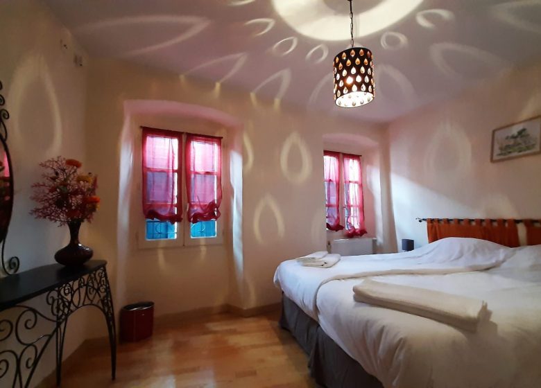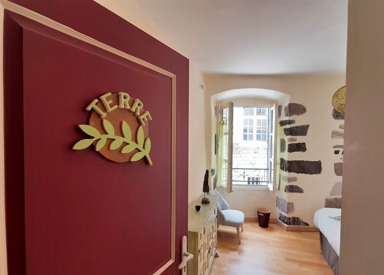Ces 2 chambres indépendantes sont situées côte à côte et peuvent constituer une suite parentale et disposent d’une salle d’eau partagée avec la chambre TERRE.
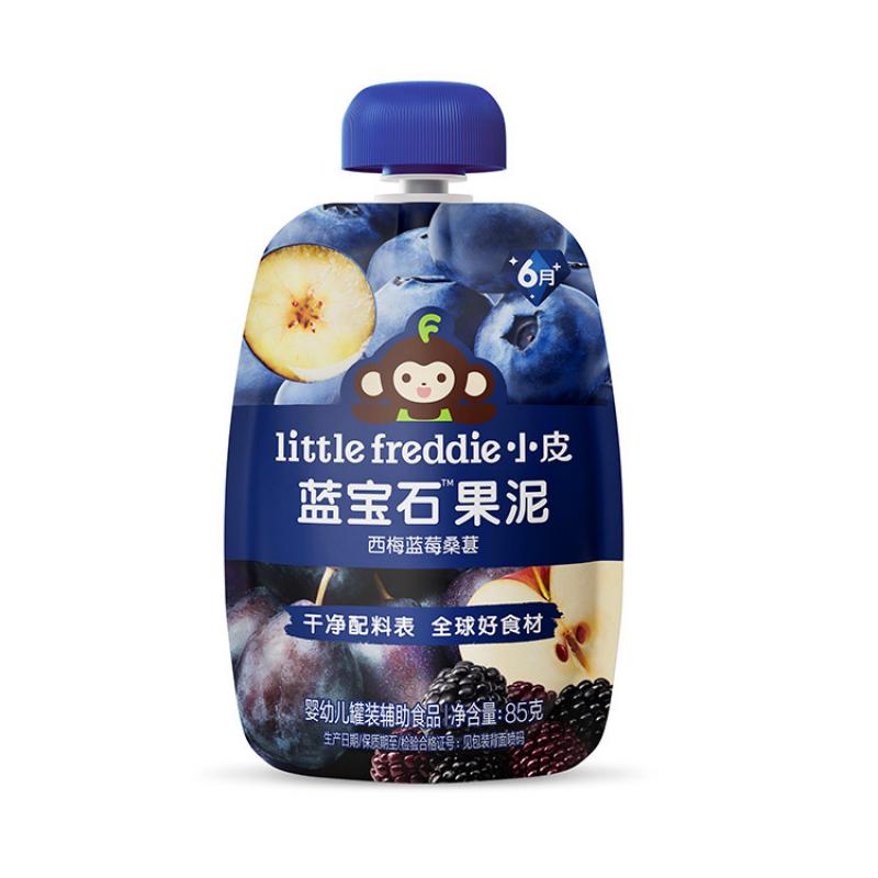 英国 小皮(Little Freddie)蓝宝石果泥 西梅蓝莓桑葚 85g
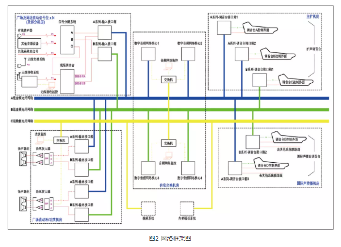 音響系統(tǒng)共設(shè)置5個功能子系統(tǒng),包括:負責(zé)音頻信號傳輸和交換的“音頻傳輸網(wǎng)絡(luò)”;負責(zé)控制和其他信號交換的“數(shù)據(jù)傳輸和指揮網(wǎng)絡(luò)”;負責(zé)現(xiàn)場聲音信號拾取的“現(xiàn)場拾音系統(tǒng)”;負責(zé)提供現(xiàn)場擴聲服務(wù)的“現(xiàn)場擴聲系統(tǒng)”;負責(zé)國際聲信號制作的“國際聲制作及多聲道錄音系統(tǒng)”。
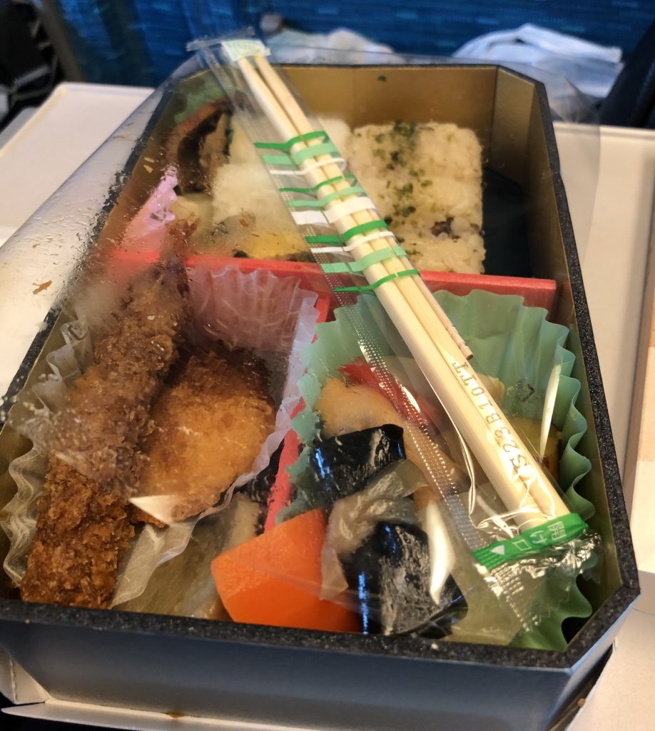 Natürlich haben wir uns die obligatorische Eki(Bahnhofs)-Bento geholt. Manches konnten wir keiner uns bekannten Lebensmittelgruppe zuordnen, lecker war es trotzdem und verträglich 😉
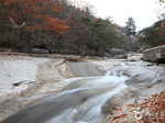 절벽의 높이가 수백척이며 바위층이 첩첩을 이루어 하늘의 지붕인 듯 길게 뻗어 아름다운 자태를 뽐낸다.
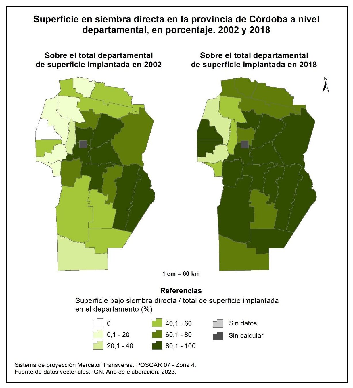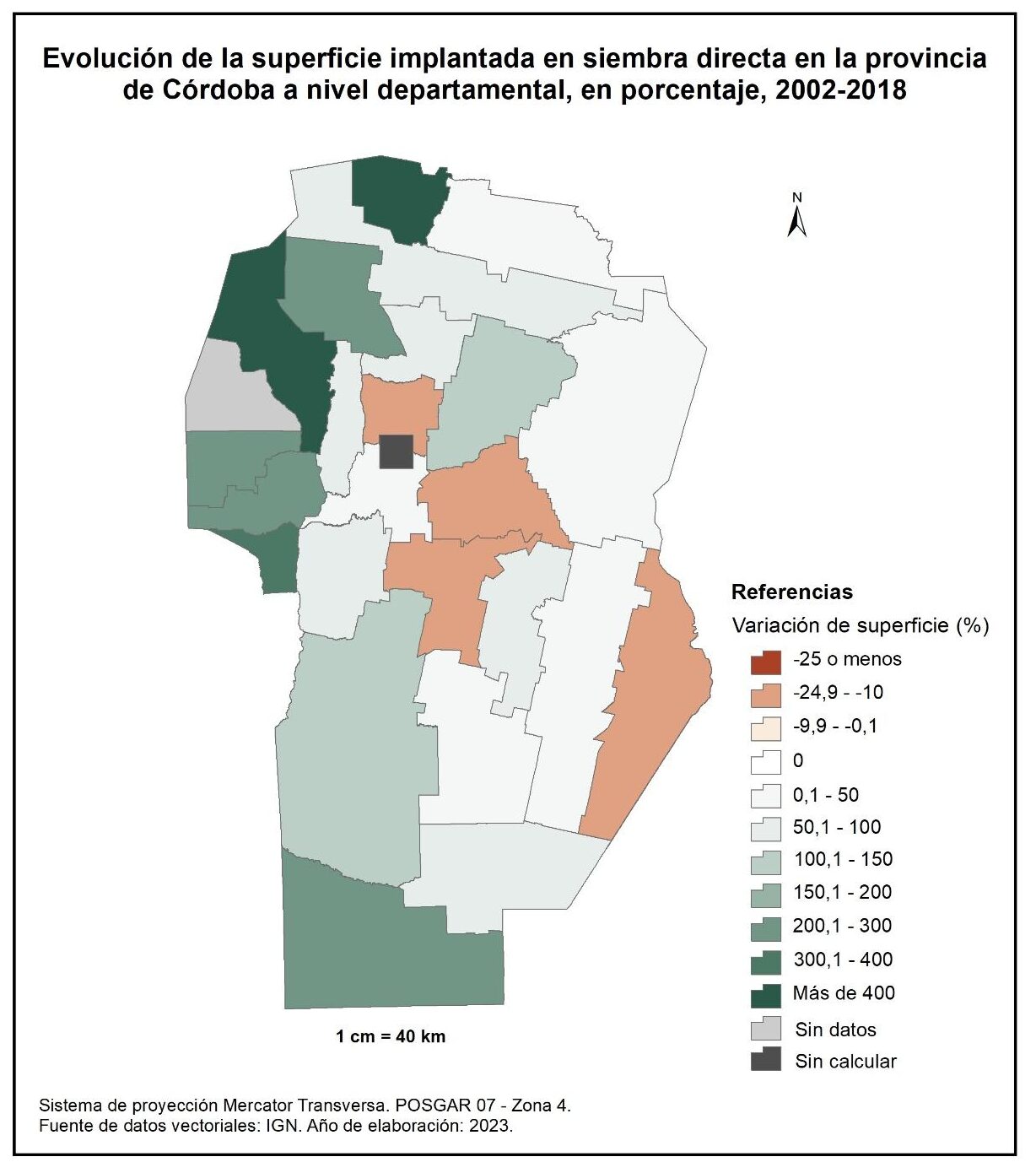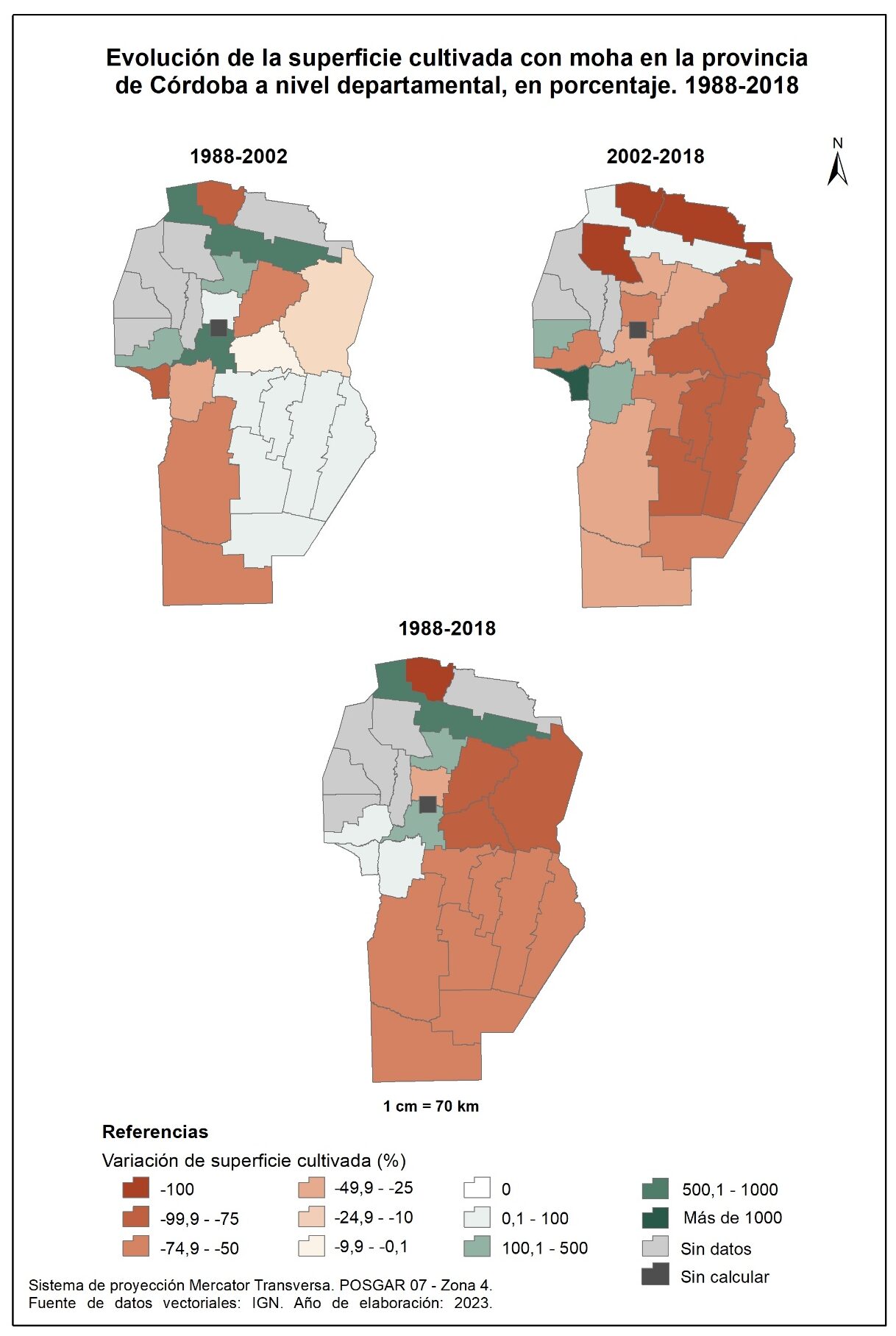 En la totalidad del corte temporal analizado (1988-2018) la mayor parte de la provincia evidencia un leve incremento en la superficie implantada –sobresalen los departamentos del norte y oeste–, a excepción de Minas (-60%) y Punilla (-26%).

***

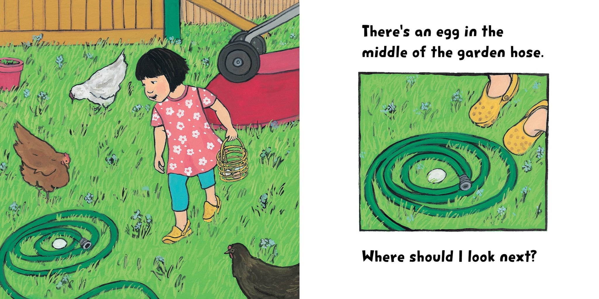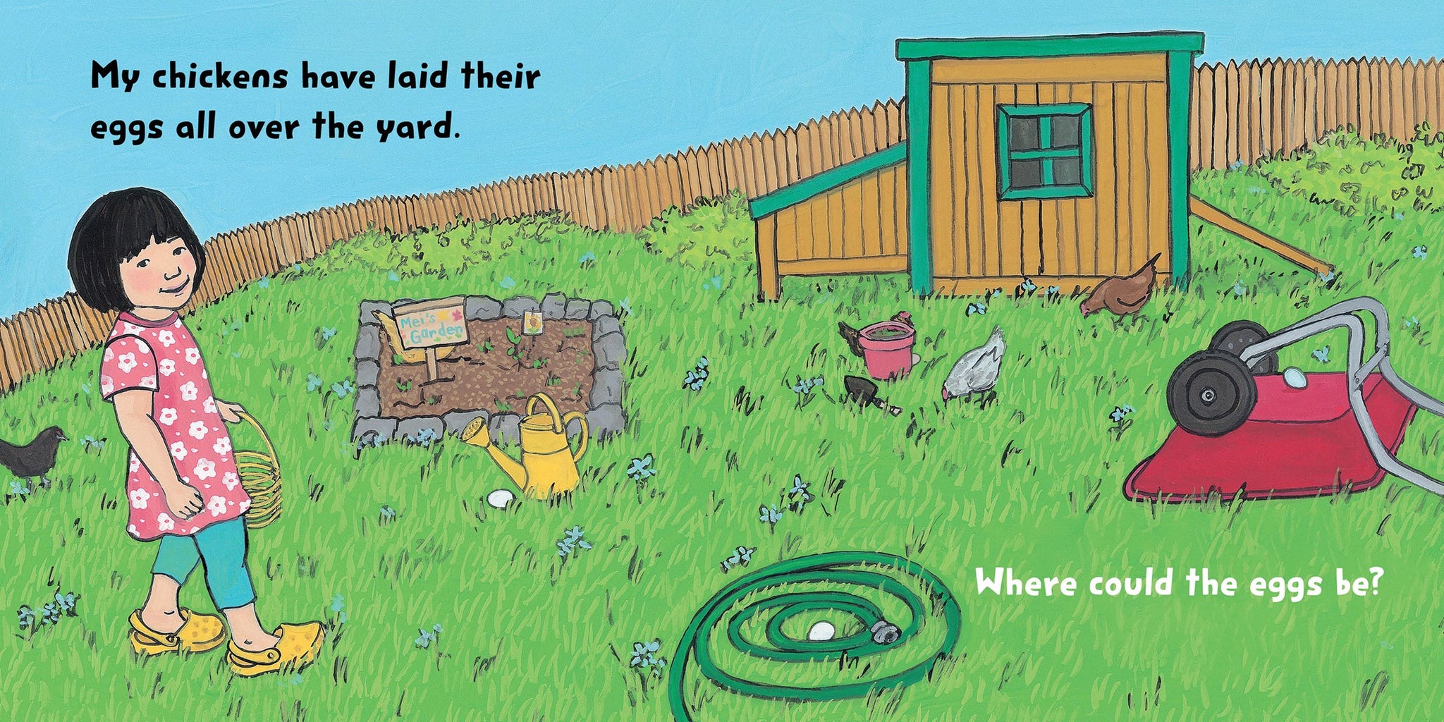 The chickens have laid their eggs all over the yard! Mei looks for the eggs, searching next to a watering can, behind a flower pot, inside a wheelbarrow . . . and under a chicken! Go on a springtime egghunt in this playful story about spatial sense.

***

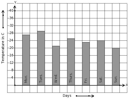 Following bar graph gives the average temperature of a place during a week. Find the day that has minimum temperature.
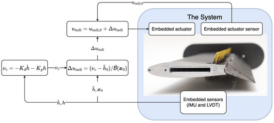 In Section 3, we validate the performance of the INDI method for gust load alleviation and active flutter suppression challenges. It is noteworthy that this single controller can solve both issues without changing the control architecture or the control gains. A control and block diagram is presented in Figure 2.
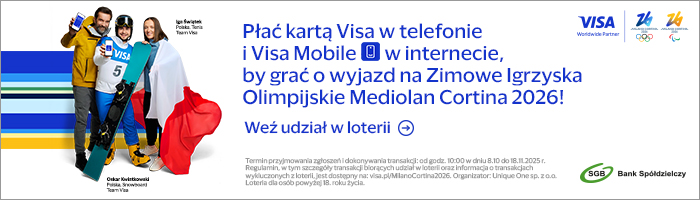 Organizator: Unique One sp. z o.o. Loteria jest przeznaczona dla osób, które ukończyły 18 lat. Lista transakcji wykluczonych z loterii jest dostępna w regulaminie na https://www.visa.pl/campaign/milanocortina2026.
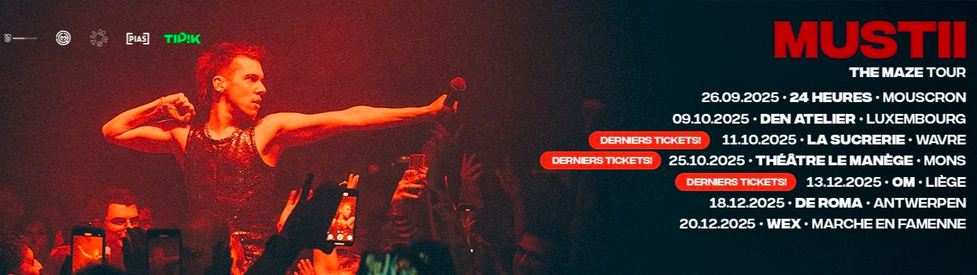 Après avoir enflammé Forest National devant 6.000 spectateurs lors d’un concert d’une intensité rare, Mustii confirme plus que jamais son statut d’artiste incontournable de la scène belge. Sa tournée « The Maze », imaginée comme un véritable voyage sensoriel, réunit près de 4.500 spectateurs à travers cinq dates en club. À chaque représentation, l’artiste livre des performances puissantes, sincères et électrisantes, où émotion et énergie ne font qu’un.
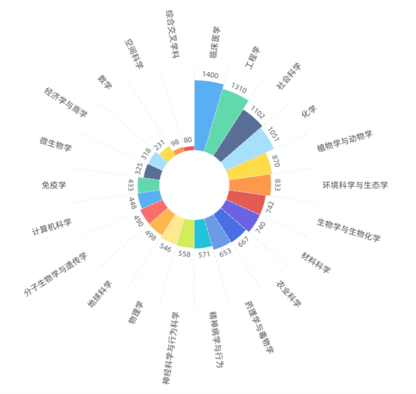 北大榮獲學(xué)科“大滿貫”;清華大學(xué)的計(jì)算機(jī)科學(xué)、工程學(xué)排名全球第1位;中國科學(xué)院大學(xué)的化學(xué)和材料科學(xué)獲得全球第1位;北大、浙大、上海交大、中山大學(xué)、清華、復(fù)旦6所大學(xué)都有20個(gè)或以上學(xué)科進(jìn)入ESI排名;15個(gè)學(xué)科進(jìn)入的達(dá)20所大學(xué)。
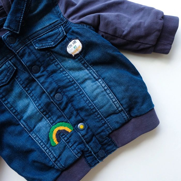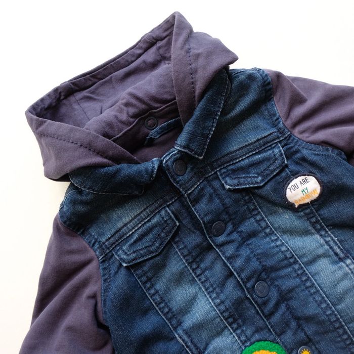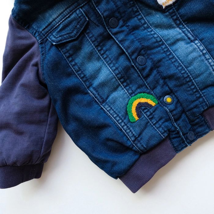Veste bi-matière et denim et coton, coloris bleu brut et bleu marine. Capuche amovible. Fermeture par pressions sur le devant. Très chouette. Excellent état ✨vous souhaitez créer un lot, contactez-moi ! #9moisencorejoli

***

TASK DESCRIPTION: Transcribe only this stretch of the data: the line with "Organizator: Unique One", the line with "Après avoir enflammé", and every line in between. Leave out the pictures.

EXPECTED OUTPUT:
 Organizator: Unique One sp. z o.o. Loteria jest przeznaczona dla osób, które ukończyły 18 lat. Lista transakcji wykluczonych z loterii jest dostępna w regulaminie na https://www.visa.pl/campaign/milanocortina2026.
 Après avoir enflammé Forest National devant 6.000 spectateurs lors d’un concert d’une intensité rare, Mustii confirme plus que jamais son statut d’artiste incontournable de la scène belge. Sa tournée « The Maze », imaginée comme un véritable voyage sensoriel, réunit près de 4.500 spectateurs à travers cinq dates en club. À chaque représentation, l’artiste livre des performances puissantes, sincères et électrisantes, où émotion et énergie ne font qu’un.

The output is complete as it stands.